§ **ASSIGNED TASK**: Copy out the entries below exactly as they stand, but only from the line containing "מכנסי הרמון חורף" through the line containing "簡介:螺旋加料機又稱螺旋喂料機,主要利用螺旋的輸送功能完成,物料的添加和輸送。".

§ **PROVIDED DATA**:
____

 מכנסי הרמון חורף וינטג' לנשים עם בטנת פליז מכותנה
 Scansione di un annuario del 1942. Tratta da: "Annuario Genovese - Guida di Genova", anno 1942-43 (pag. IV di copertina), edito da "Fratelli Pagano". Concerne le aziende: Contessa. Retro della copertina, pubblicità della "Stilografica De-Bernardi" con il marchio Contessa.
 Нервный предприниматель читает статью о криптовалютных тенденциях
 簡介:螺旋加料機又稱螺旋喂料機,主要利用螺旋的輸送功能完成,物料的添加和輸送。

____

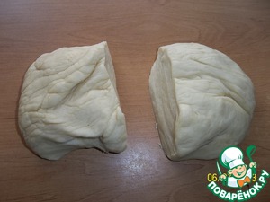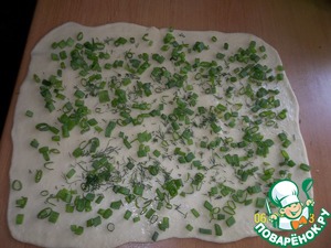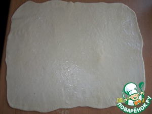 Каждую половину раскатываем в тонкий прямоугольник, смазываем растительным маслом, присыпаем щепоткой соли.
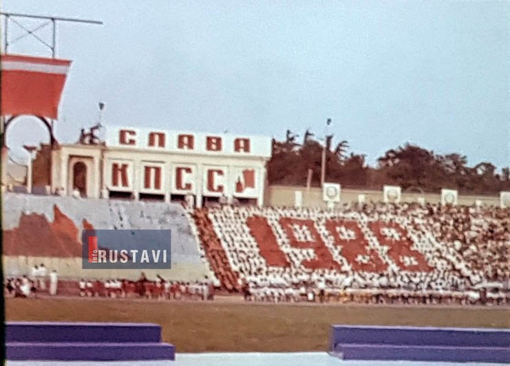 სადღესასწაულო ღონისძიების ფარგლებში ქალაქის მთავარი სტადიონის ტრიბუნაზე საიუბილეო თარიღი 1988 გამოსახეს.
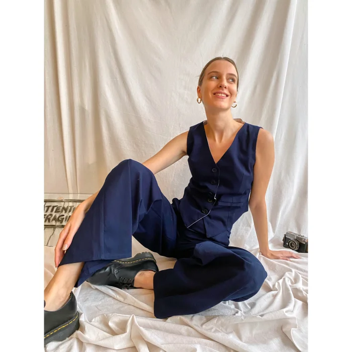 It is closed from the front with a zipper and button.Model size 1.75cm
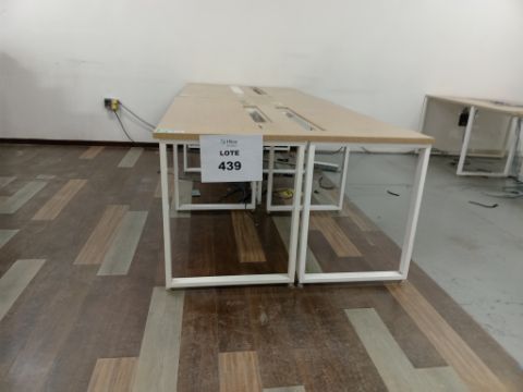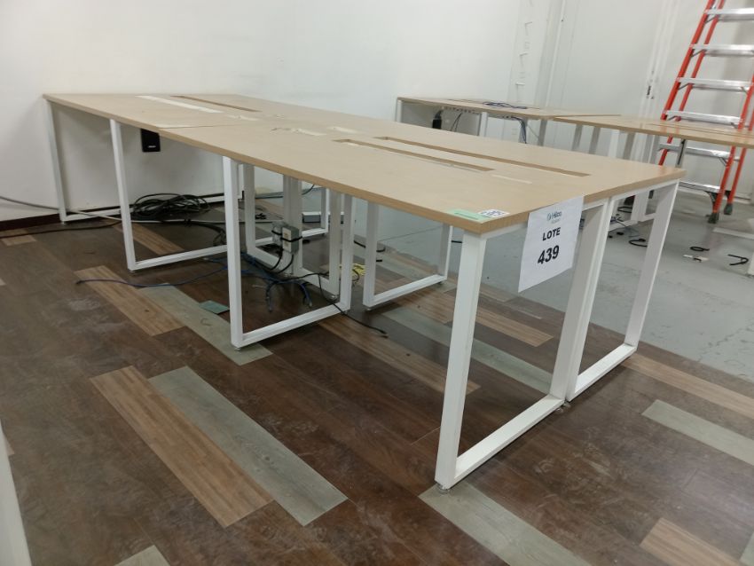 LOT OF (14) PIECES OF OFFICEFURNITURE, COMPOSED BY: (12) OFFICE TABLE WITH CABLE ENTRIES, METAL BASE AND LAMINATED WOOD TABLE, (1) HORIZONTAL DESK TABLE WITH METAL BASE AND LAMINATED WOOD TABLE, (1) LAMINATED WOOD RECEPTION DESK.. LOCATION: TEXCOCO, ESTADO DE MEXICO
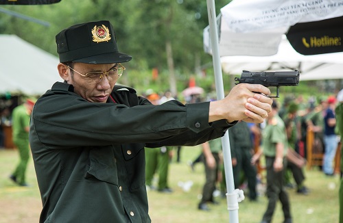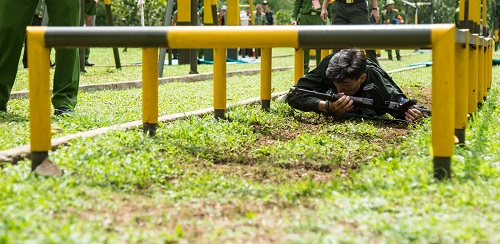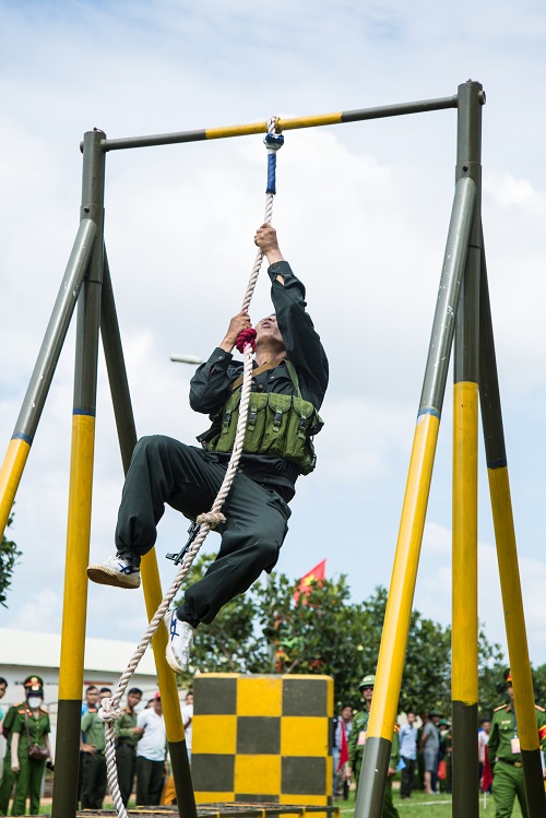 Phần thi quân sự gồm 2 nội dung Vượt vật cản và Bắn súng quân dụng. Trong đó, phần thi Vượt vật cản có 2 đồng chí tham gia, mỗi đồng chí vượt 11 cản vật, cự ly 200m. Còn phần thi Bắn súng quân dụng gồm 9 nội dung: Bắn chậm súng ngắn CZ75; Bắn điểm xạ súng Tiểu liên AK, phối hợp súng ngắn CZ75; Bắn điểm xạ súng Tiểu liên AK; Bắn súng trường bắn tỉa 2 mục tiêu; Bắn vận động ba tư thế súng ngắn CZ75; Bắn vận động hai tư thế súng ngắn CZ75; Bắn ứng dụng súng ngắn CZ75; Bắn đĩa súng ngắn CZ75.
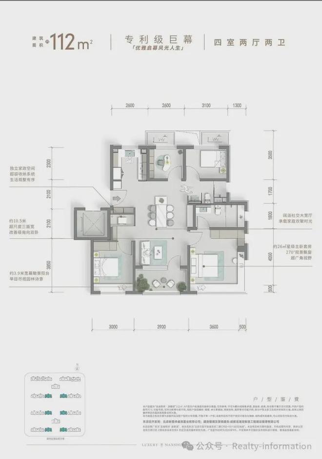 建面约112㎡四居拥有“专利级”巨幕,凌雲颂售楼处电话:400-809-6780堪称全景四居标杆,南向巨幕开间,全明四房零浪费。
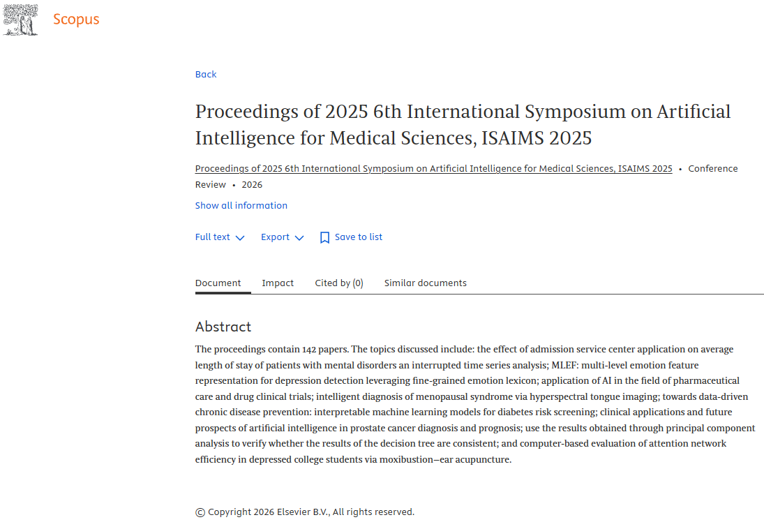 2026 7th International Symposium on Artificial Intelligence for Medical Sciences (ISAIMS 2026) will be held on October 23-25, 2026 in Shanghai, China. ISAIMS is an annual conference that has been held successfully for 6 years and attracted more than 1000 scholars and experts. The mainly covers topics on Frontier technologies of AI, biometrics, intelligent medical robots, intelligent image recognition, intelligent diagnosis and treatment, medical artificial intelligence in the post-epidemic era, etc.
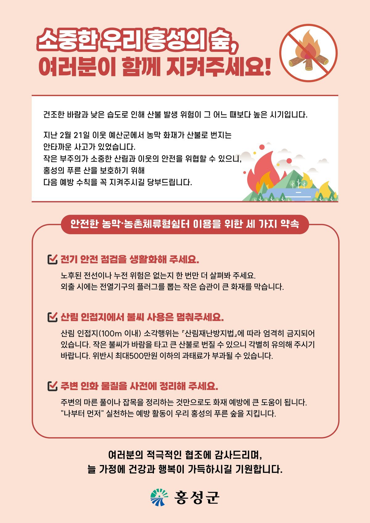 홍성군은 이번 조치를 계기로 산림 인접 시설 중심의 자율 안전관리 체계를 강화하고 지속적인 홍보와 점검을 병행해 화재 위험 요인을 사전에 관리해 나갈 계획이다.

____

§ **REPLY TO THE EXERCISE**:
 מכנסי הרמון חורף וינטג' לנשים עם בטנת פליז מכותנה
 Scansione di un annuario del 1942. Tratta da: "Annuario Genovese - Guida di Genova", anno 1942-43 (pag. IV di copertina), edito da "Fratelli Pagano". Concerne le aziende: Contessa. Retro della copertina, pubblicità della "Stilografica De-Bernardi" con il marchio Contessa.
 Нервный предприниматель читает статью о криптовалютных тенденциях
 簡介:螺旋加料機又稱螺旋喂料機,主要利用螺旋的輸送功能完成,物料的添加和輸送。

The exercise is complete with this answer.